Automated Web Testing with Selenium IDE - ycombcj___
http://blogs.lessthandot.com/index.php/WebDev/UIDevelopment/automated-web-testing-with-selenium
Automated Web Testing with Selenium IDE
======
tarwn
To the 3 separate comments on not using IDE below: I am aware of the flaws and
I would never use it in a continuous deployment environment, but it's a good
gateway tool to get into the mindset of automation testing before moving on to
other methods, such as using webdriver from a unit test framework or building
a full blown framework (I'd put PageObjects somewhere in the middle).

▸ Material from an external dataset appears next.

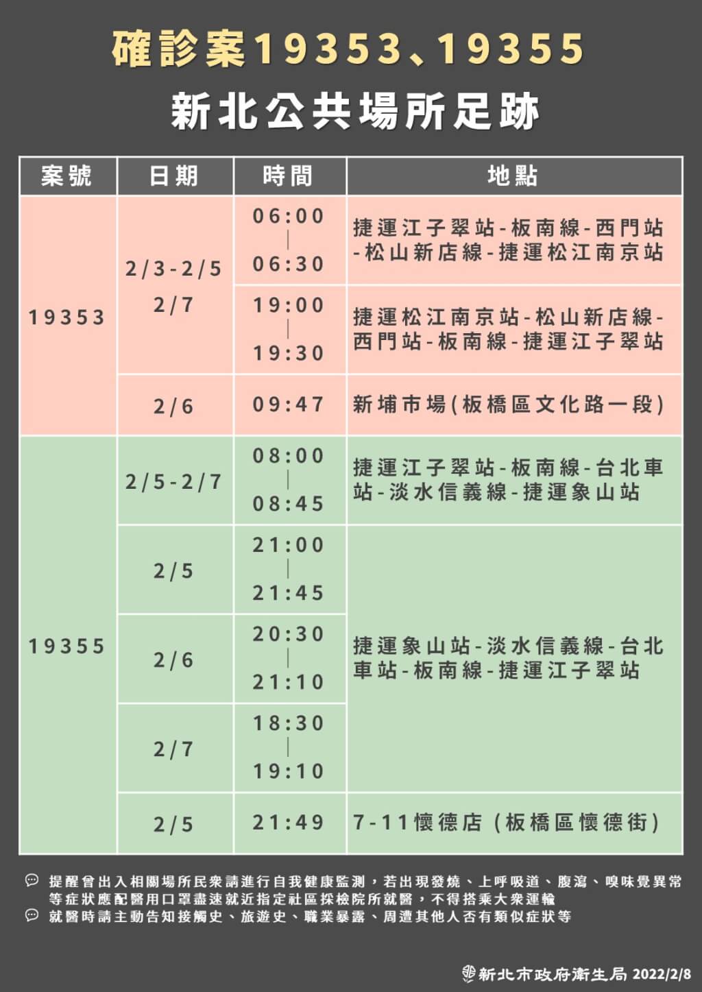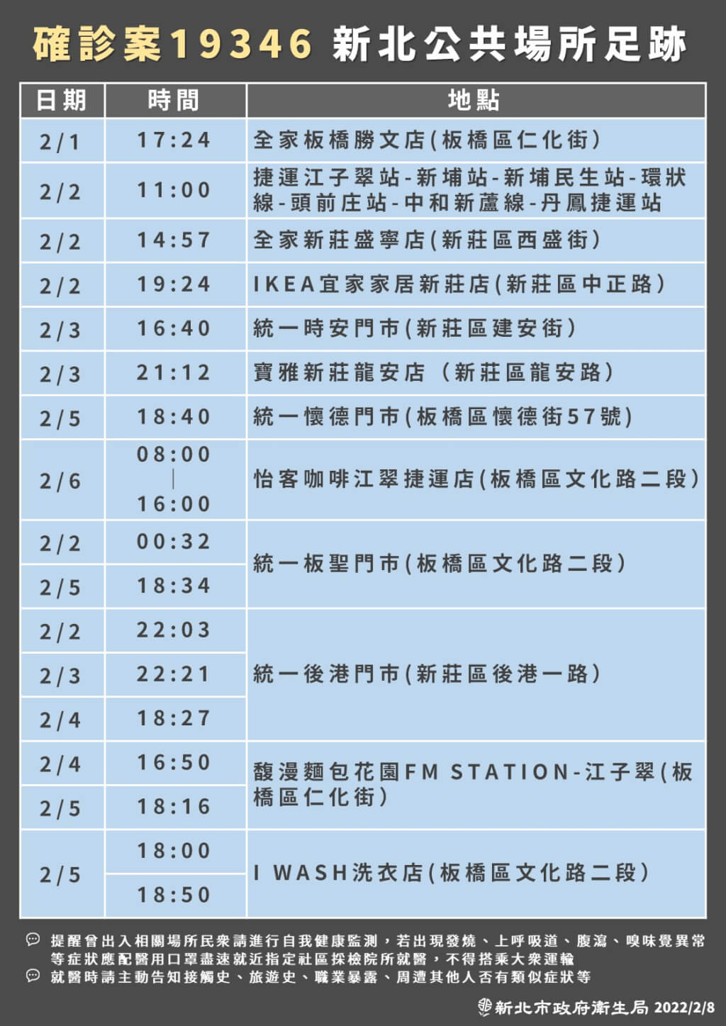 衛生局今天同時公布案19346的公共足跡,於2月1日至5日之間,曾在新北市板橋區、新莊
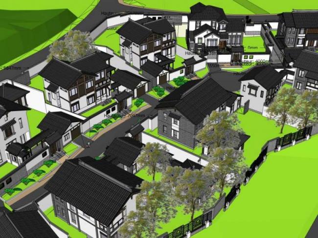 资料名字:Sketchup别墅模型|别墅群,中式风格

There was a point for each of us where we had no used an automation library. I
think the IDE is a much more accessible way to get in, play around, learn what
can be done, and do some very basic tests than it would be to hand them a
library and expect them to be able to code up a similar set of tests.

------
chsonnu
Selenium IDE is a bad road to go down if you're in any type of continuous
deployment environment. Your test suite is unmaintainable after a dozen or so
cases. What has worked for me is to use WebDriver directly, and to separate
the testing and implementation logic. The testing side is driven by standard
JUnit fixtures, and the implementation side follows the page object design
pattern. Now even with huge changes or "pivots" to the UI, you only have to
update a few xpaths and setter/getters in your page objects.

There's more info here: <http://code.google.com/p/selenium/wiki/PageObjects>

------
nwjsmith
Please don't use IDE for automated testing.

As it says on the Selenium homepage (<http://seleniumhq.org>), use Webdriver
for testing, and IDE for bug reproduction or exploratory testing.

------
untog
Selenium IDE is good, but it honestly isn't a huge step up to use Selenium
proper (the WebDriver variant)- it's certainly something the HN crowd would be
capable of doing. That way you can use more than just Firefox- we have tests
running in IE, Chrome and Firefox regularly.

------
DodgyEggplant
Selenium is really great. Easy to use, effective. One pitfall to remember: Any
UI change (e.g. renaming a link) requires to update the test. On new sites
these changes occur a lot, so try to focus on the main theme that changes less
freq.